**What you are asked to do:**
Set down the first line below and each line after it, ending with the one that holds "Lãnh đạo hai". Pictures do not belong in the copy.

********************

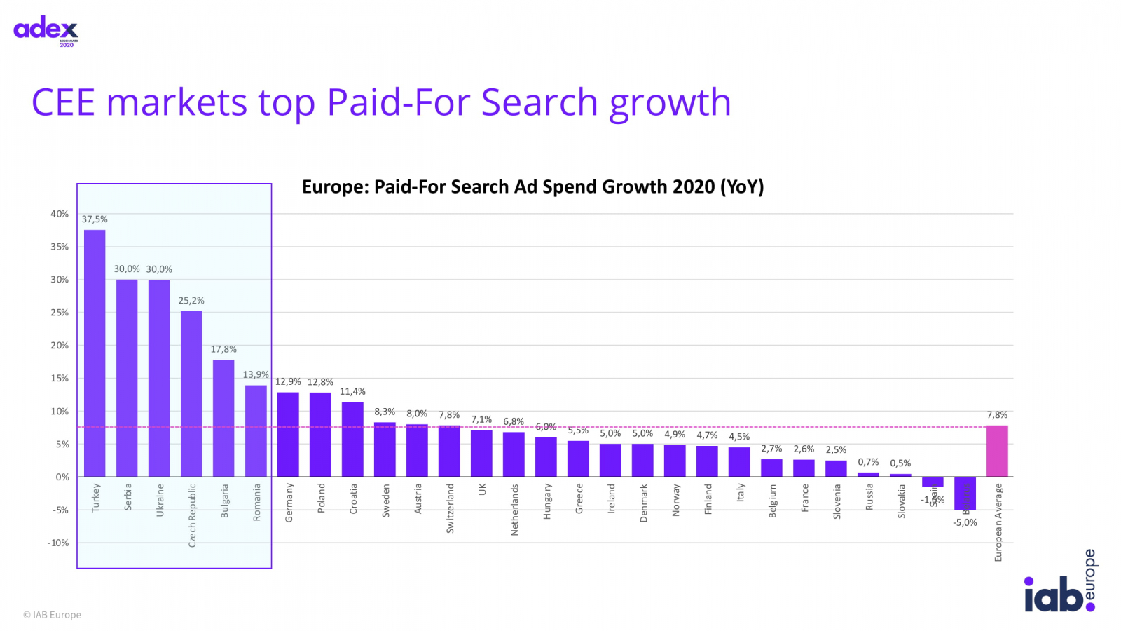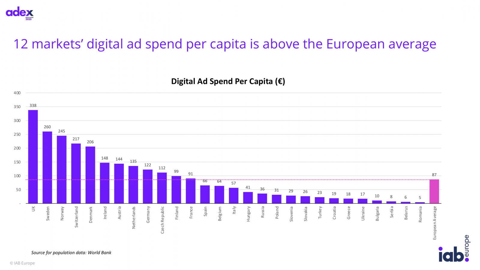 В России расходы на интернет-рекламу увеличились на 5,8%, до €5,183 млрд — это четвертый показатель после Великобритании, Германии и Франции. Траты на digital на душу населения составили €35,9 при среднеевропейском показателе €87.
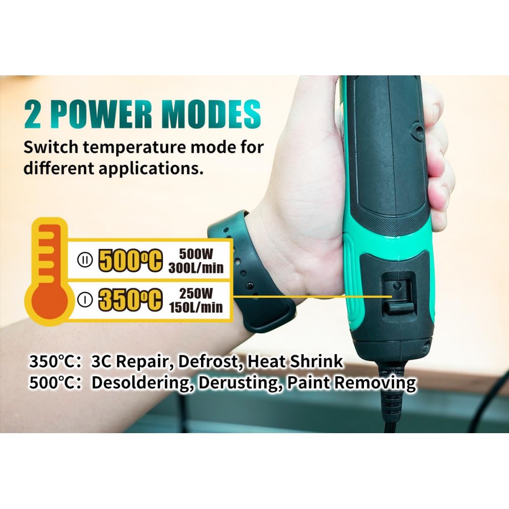 Mini tobera de aire caliente con dos niveles de temperatura.
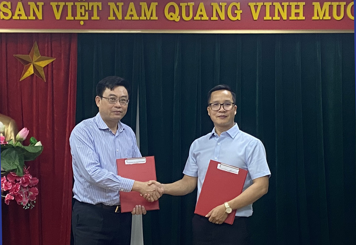 Lãnh đạo hai đơn vị trao biên bản ghi nhớ hợp tác
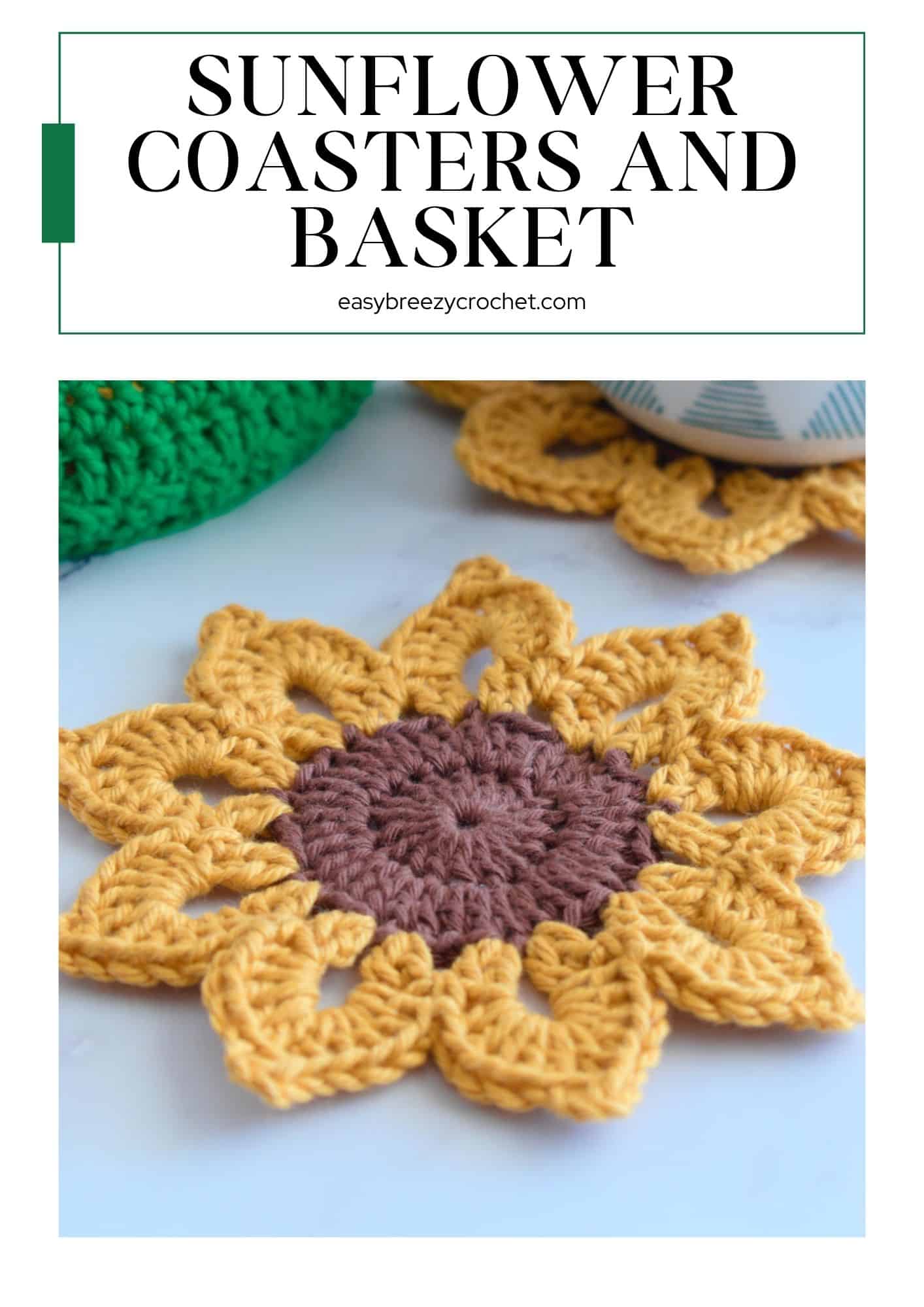 Below are the instructions for making these crochet sunflower coasters and basket.
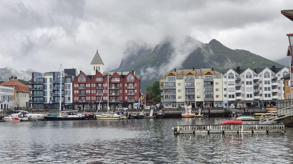 A cette latitude pourtant encore au nord du cercle polaire , le soleil hésite déjà à passer sous l’horizon. Le Trollfjord et ses à pics de 1200 m abritent des aigles noirs. Les paysages à chaque embranchement invitent à une pause admirative.  Par 68° Nord, 14° Est, Svolvaer est une ancienne ville baleinière située dans les Lofoten. Un peu plus au sud, Nusfjord est un village de pêcheurs, construit haut sur ses pilotis. Du poisson à vendre?
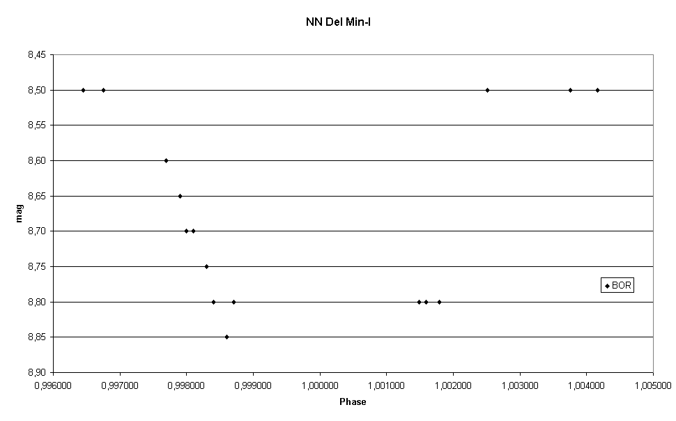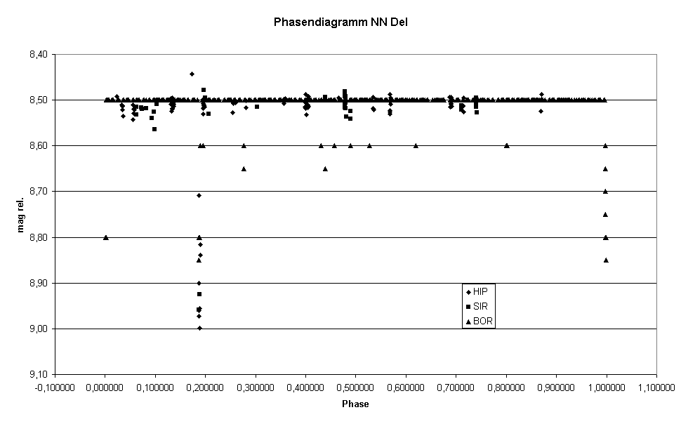 Daher werde ich im Folgenden die von Hipparcos, E. Born und mir gesammelten Daten im Lichte der von den spanischen Beobachtern gefundenen Elemente darstellen. Dabei tut es keinen Abbruch, dass E. Born visueller Beobachter ist. In den Nächten, in denen wir offensichtlich gemeinsam beobachtet hatten, stimmten seine geschätzten Werte mit meinen gemessenen Werten hervorragend überein. Zusätzlich standen mir auch noch Schätzungen des französischen, visuellen Beobachters M. Dumont zur Verfügung. Doch Werte, die NN Del plötzlich um einige Zehntel mag heller zeigten als maximal möglich sowie einige nicht erklärbare Streuungen, machten mich stutzig. Die Diskussion mit M. Dumont zeigte dann, dass einer seiner Vergleichssterne ein Veränderlicher mit einer Amplitude von 0,25 mag war. Daher konnten die Daten leider keinen Eingang in die Bewertung finden, sondern dienten eher als Hintergrundmaterial.
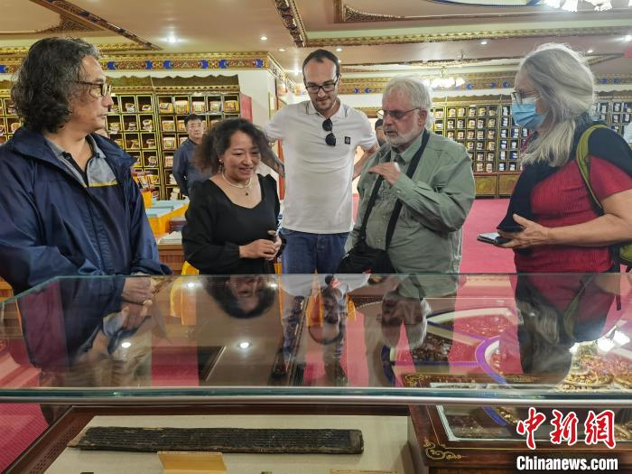 9月20日,外籍专家记者团参观西藏大学图书馆藏文古籍研究所。中新社记者 赵延 摄近日,来自加拿大、挪威、澳大利亚、巴西、阿根廷等国家的外籍专家记者参访团来藏参访。其间,他们分别前往大昭寺、布达拉宫、西藏大学、西藏博物馆、拉鲁湿地等地参观。
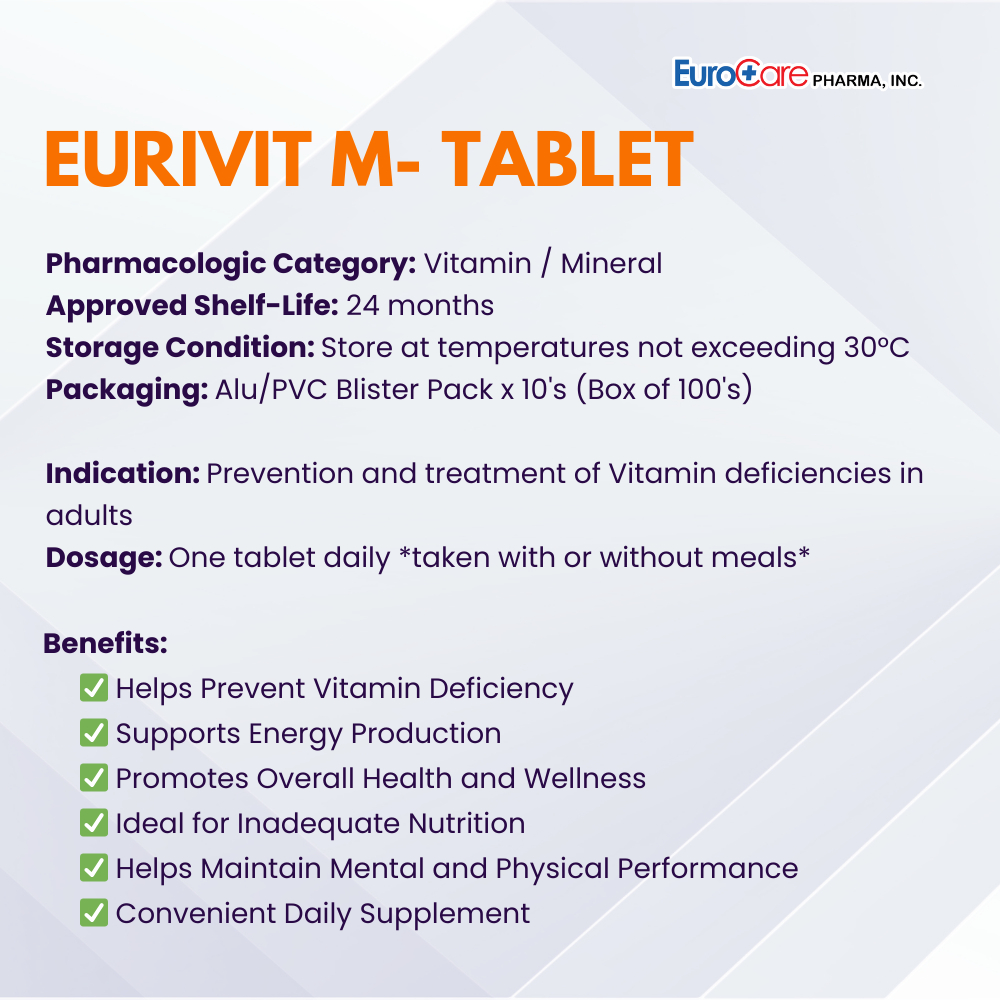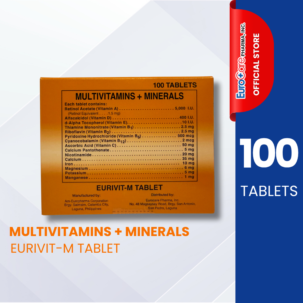 Eurivit Multivitamins Plus Minerals Sugar Coated Tablet Box of 100's

********************

**Result for this task:**
 В России расходы на интернет-рекламу увеличились на 5,8%, до €5,183 млрд — это четвертый показатель после Великобритании, Германии и Франции. Траты на digital на душу населения составили €35,9 при среднеевропейском показателе €87.
 Mini tobera de aire caliente con dos niveles de temperatura.
 Lãnh đạo hai đơn vị trao biên bản ghi nhớ hợp tác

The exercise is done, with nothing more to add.